[Information supplied]

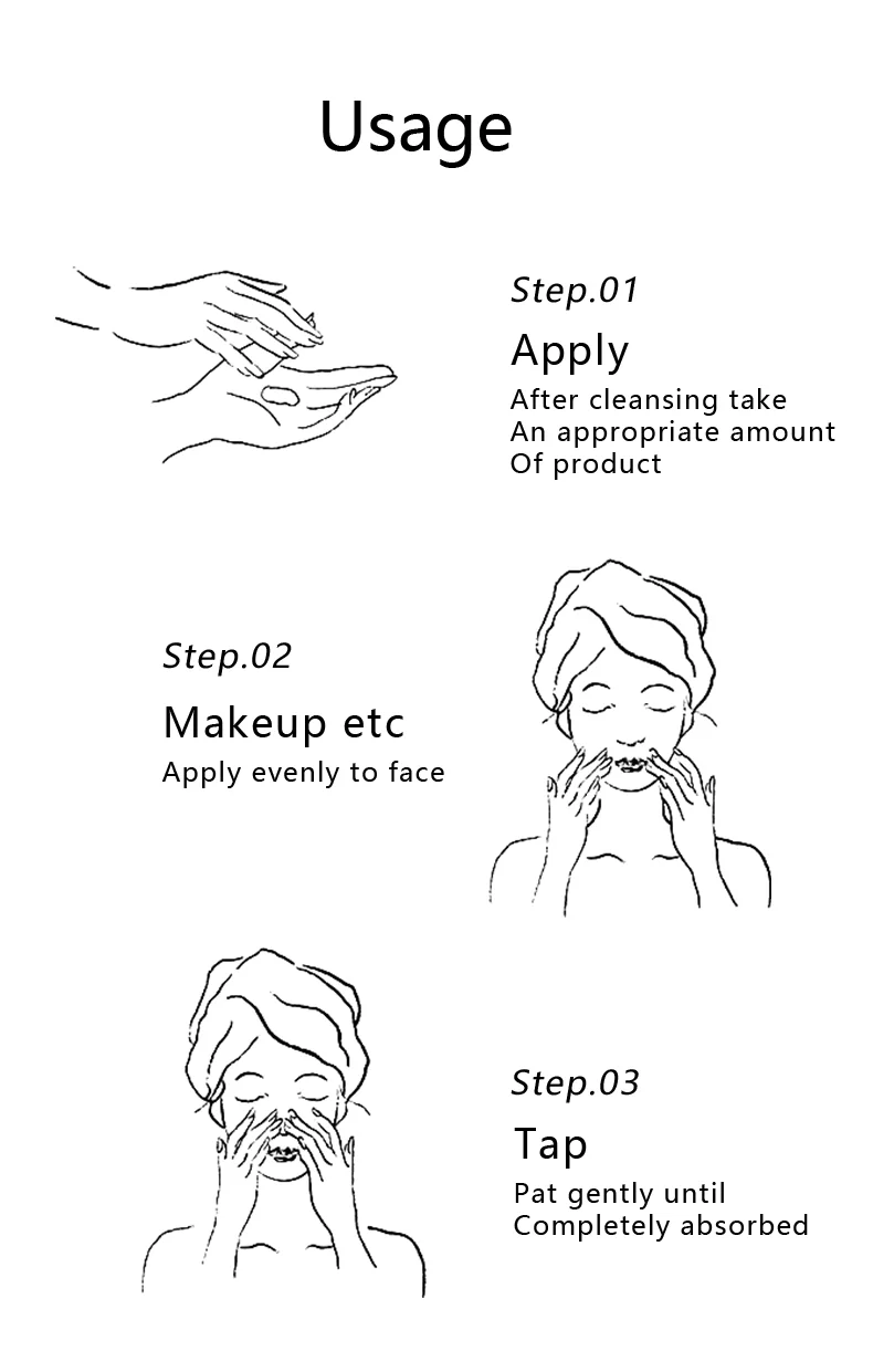 Cómo utilizar: Lavar la cara, tomar la cantidad adecuada en su mano y con una solapa suave hasta absorber perfectamente. O remoje una almohadilla de algodón con tóner y limpie suavemente la cara, los ojos y el cuello para limpiar y tonificar.
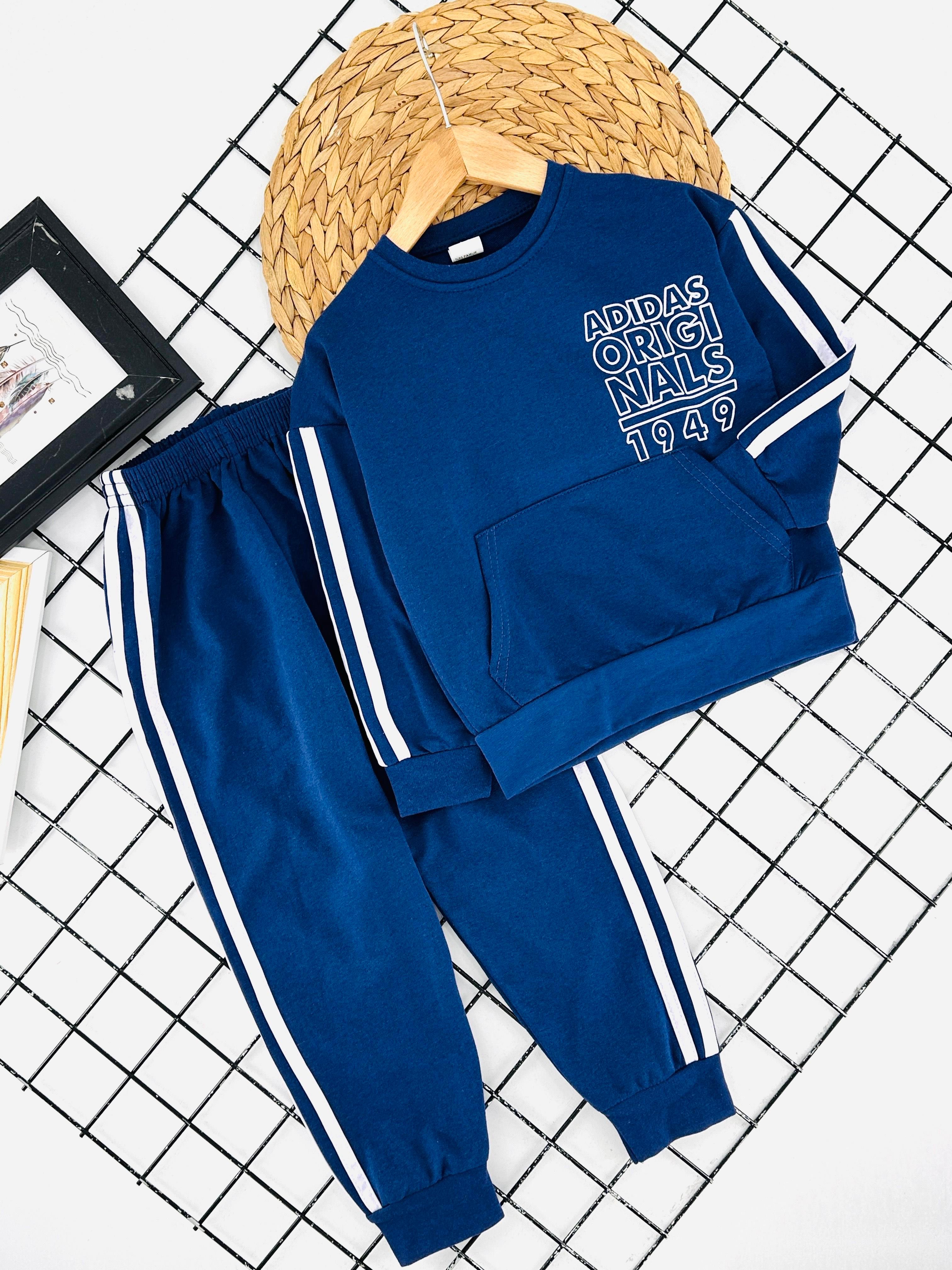 0981 Adds Orgınals Yazılı Yanları Şeritli İki İplik Penye Takım-İNDİGO MAVİ
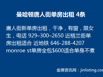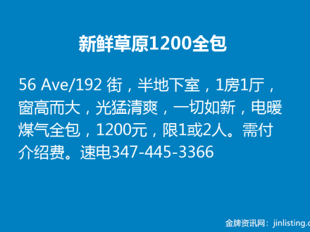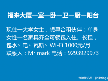 福来大厦(近凯西娜和缅街)一室一卧一卫一厨一阳台(大楼有24小时doorman ),1000元/月
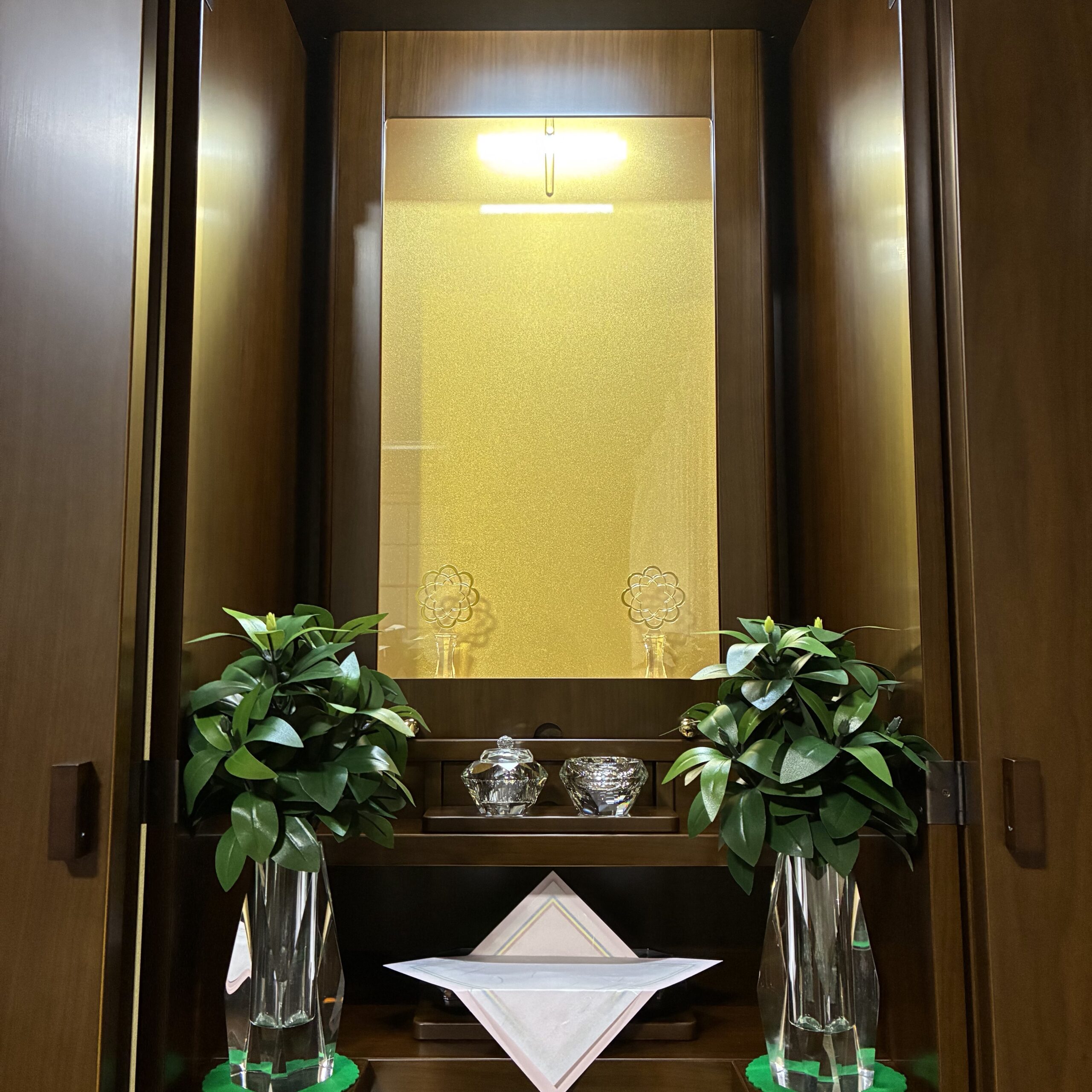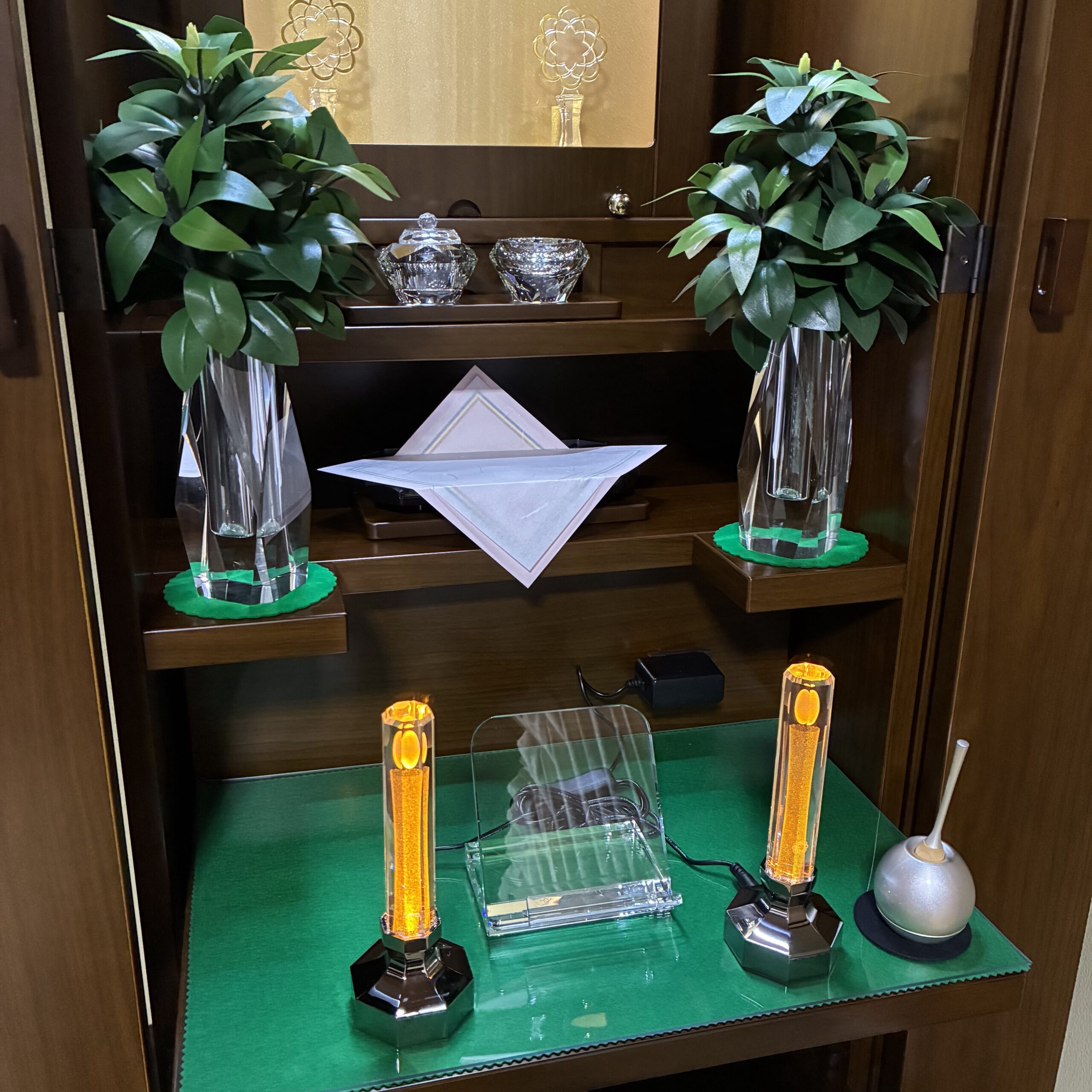お客様のご希望をお聞きしながら仏具はクリスタルで統一しご用意させて頂きました。
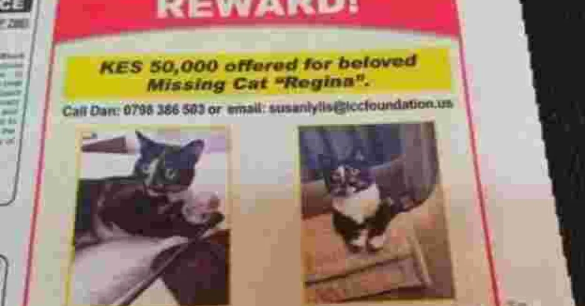 A Nairobi man has excited Kenyans on social media after he offered Sh50,000 cash reward for his missing cat, Regina.
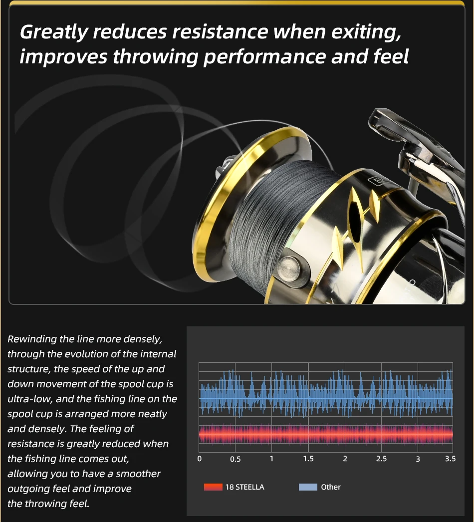 3. La serie Stella tiene un diseño único de protección resistente al agua para su carrete, cuerpo y rotor.
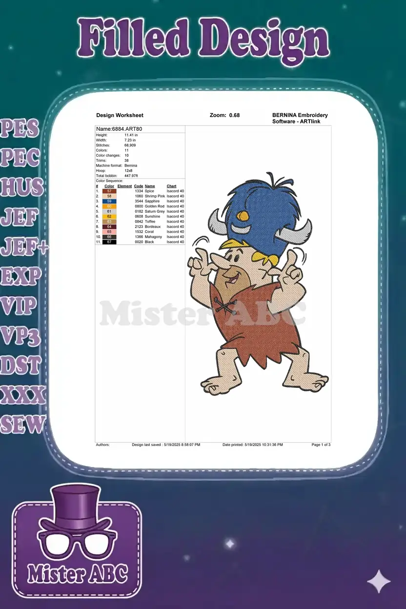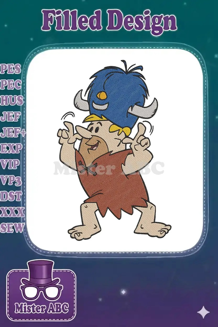 Happy Fred Flintstone Wearing Blue Monster Horned Hat Embroidery Designs
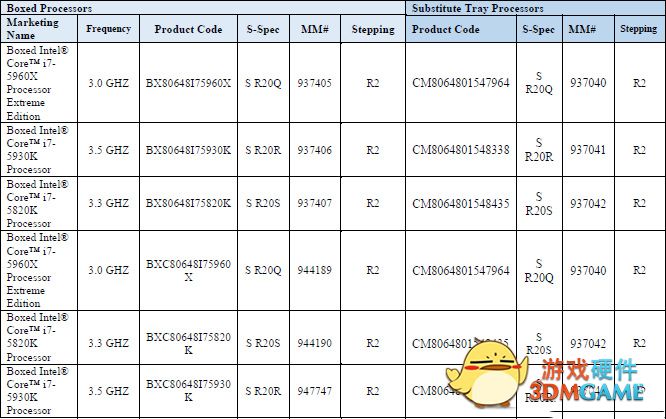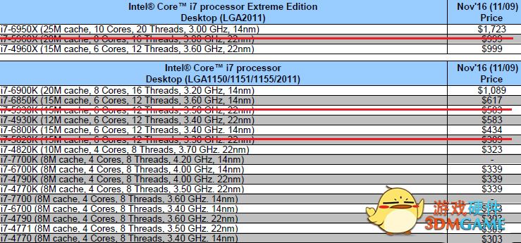 遭到除名的是Core i7-5960X, Core i7-5930K,Core i7-5820K处理器,从Intel官方信息来看,它们发布于2014年Q3,可谓立下赫赫战功。
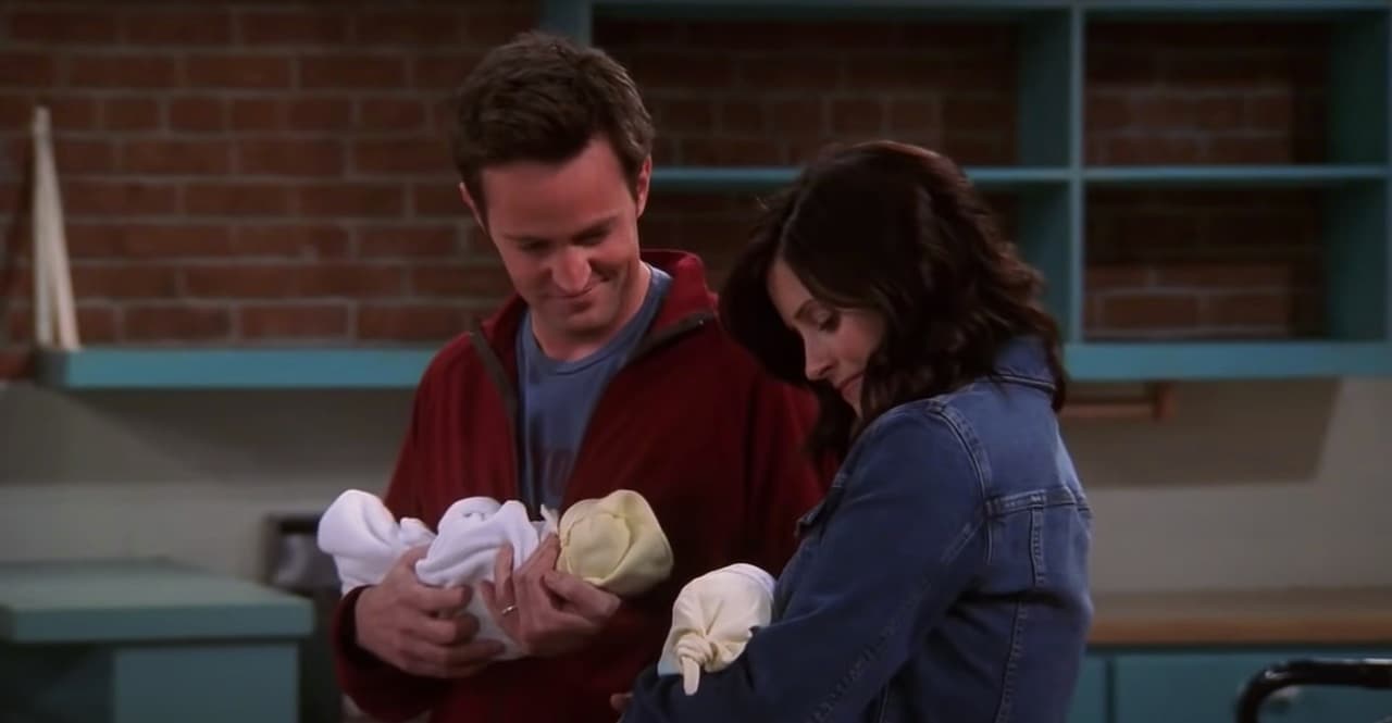 Al final de la décima temporada, Courtney Cox aparece en pantalla con ropa holgada y tomas cerradas porque la producción debía ocultar su embarazo, mientras que Monica y Chandler buscaban desesperadamente tener un hijo.
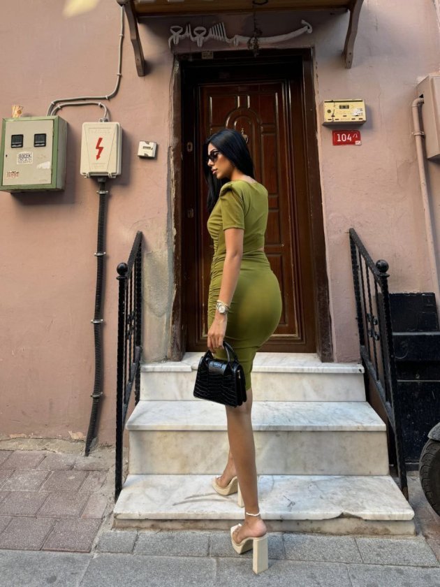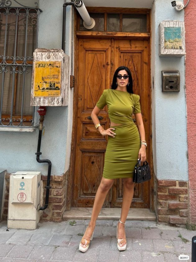 Kadın Bel Dekolteli Yanı Büzgü Detay Dalgıç Krep Kumaş Mini Elbise Modelin Ölçüleri: Boy:165, Kg:55, Göğüs:90, Bel:72, Kalça: 100 Modelin üzerindeki ürün M/38 bedendir

[/Information supplied]

§ Task to carry out
From the material above, output only the span of lines that starts at the one containing "福来大厦(近凯西娜和缅街)一" and finishes at the one containing "Al final de", word for word and free of pictures.

§ Expected answer
 福来大厦(近凯西娜和缅街)一室一卧一卫一厨一阳台(大楼有24小时doorman ),1000元/月
お客様のご希望をお聞きしながら仏具はクリスタルで統一しご用意させて頂きました。
 A Nairobi man has excited Kenyans on social media after he offered Sh50,000 cash reward for his missing cat, Regina.
 3. La serie Stella tiene un diseño único de protección resistente al agua para su carrete, cuerpo y rotor.
 Happy Fred Flintstone Wearing Blue Monster Horned Hat Embroidery Designs
 遭到除名的是Core i7-5960X, Core i7-5930K,Core i7-5820K处理器,从Intel官方信息来看,它们发布于2014年Q3,可谓立下赫赫战功。
 Al final de la décima temporada, Courtney Cox aparece en pantalla con ropa holgada y tomas cerradas porque la producción debía ocultar su embarazo, mientras que Monica y Chandler buscaban desesperadamente tener un hijo.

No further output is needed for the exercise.